5 Comments (+add yours?)

  1. picperfic
    May 02, 2007 @ 16:53:00

    woh! you know, the same thing applies to photography, well online photography. I started posting my precious photos when I first started to use a digital camera in 2002 and I got slated and I got cross and I got sad and then I got determined! I learned from my peers, if I saw a process that I liked, I asked the owner how they did it..I grew up and stop getting upset when people said they didn’t like the colour of the flower etc. Now I rarely post to these photosites, I post on my blog. As my confidence in photography has grown, I realise that everyone has different tastes and their opinions can vary quite diversly. All that matters at the end of the day, is whether you are pleased with your work. We all have our own style and isn’t that just the best thing? I find your work so beautiful, delicate yet it must be so strong to withstand all that rigorous dancing. I’ve not paid too much attention to the colours that have been used as I realise they are for events and are mostly the customers choice. Its the fine detail I am impressed with, and your vast knowledge of your craft. Your eloquence on the critique of others work is important because you have the confident knowledge that you know what you are doing.
    I for one would value any comment you made regarding my Irish Dance Dress work, not that I would ever ever feel the need to do anything so intricate…I’ll stick to sewing little girl’s dresses and knitting socks!

  2. Knitting Maniac
    May 02, 2007 @ 20:40:00

    Criticism has become a loosely defined, subjective term, hasn’t it?

    Critics are there to look at a piece of work, and offer their opinions. But when a critic goes off, espousing how much they hated something, how it didn’t make sense to them, how it would never work, I have to ask myself this: what were you “expecting”? Did your expectations not get met, or are you just wanting to blow off something because you just didn’t “get” it.

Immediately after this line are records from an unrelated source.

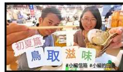
香港向け動画のイメージ

YouTube上に開設している海外向け動画チャンネル「Visit Tottori, Japan」及びSNSにおいて、6月から7月まで、国際交流員がお薦めする県内観光地をインターネットで毎週配信したところ、6月20日にFacebookで配信した香港向け動画(鳥取の初夏の味覚)は、閲覧回数7千回以上を記録するとともに、「また行きたい」、「美味しそう」等のコメントが複数寄せられた。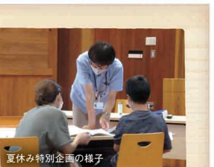
夏休み特別企画の様子

住所 和歌山県田辺市本宮町本宮100-1 FAX 0735-42-1560 TEL 0735-42-1044 E-mail e0624002@pref.wakayama.lg.jp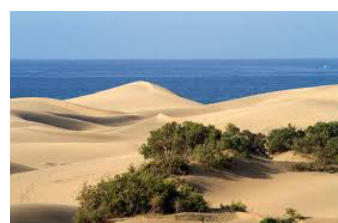
Gran Canaria 8 dage (fly) 4. - 11. nov.

    So many people make blatant comments, and then hide behind that word .. criticism. Oh, I was just offering “constructive criticism.” No. To me it sounded like you were offering your opinion. Where in that criticism were you trying to help me understand your point of view, other than the fact that you just “didn’t like it” or “thought it was ugly.”

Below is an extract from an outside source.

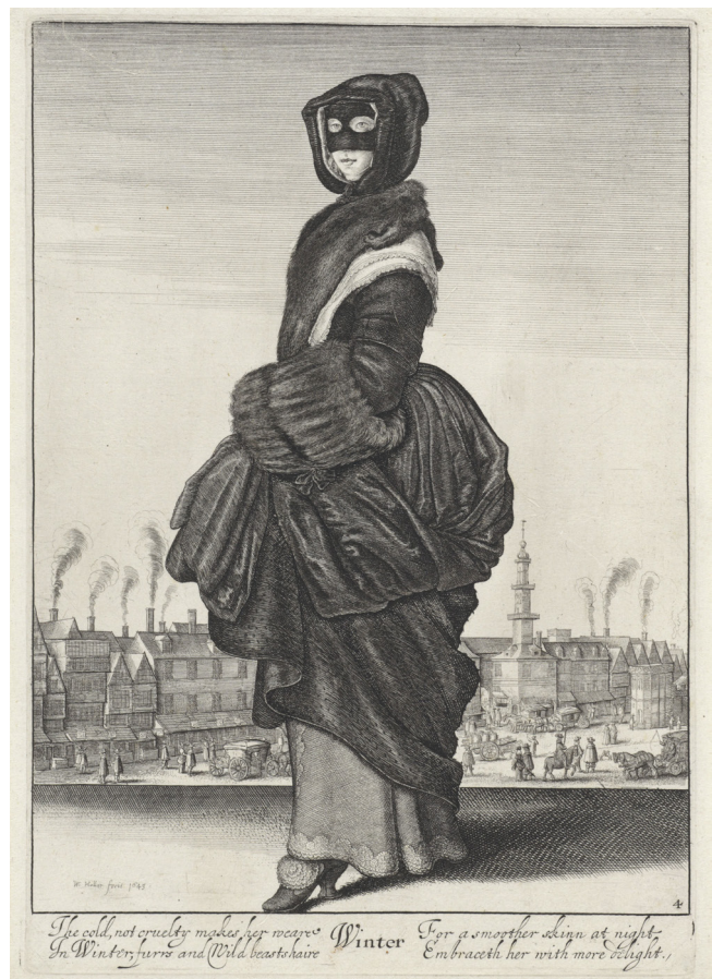
// Abbildung 2

— Die Versorgung des geplanten Handelsstützpunktes in Nordamerika gestaltete sich jedoch zunächst schwierig. In van Meterens Reisebericht ebenso wie vor allem in denjenigen, die um die gezielte Besiedlung Manhattans und des Hudson Valleys in den 1620er Jahren veröffentlicht wurden, wird deutlich, dass das Bedürfnis, sich in New Amsterdam und Umgebung anzusiedeln

    Don’t take it to heart. There are just jealous people out there who hide behind that word. They are so critical of another’s work because they are jealous of them on some level or another.

  3. American Ex-pat
    May 10, 2007 @ 00:27:00

    I’ve been fighting this issue for years. Like many dancers, dressmakers, and designers out there, I have a pretty firm opinion of what is pretty and what is not. To be honest, I’ve mostly given up trying to give constructive criticism any more.

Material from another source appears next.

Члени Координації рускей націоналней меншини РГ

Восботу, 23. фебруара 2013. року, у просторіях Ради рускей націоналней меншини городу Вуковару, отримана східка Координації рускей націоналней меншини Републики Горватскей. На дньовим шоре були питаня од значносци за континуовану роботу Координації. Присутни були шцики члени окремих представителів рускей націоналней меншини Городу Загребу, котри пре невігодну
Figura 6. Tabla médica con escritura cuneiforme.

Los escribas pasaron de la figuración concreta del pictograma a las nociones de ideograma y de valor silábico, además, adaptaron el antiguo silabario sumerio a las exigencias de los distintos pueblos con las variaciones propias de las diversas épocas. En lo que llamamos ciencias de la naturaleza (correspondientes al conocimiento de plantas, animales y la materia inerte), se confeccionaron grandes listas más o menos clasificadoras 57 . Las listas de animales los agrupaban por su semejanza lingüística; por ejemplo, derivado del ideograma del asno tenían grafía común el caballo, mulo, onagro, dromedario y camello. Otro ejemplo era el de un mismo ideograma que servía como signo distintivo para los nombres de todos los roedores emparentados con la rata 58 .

    Designers, or dancers who fancy themselves designers, ARE too caught up in their designs on a personal level–most of them, atleast. I am, too, often. But it’s come to the point where even saying, “Look, I like the overall thing you have going here–nice colours, fine shape–but adding that bit to the side of the bodice is going to add about 30lbs to you on stage” isn’t considered helpful. It’s ‘mean’ and generally ‘unnecessary’ and you get lambasted for trying to point out that the really poor design choice isn’t going to work or look good. There are a few “pro” designers (not really pros, if you catch my drift) whose work is consistently ill-fitting, poorly designed, and with atrocious colour choices (if really well sewn). There’s no way of bringing up these issues to help others produce a better dress without being torn to shreds for daring to criticize, because that might hurt someone’s feelings! It’s ridiculous!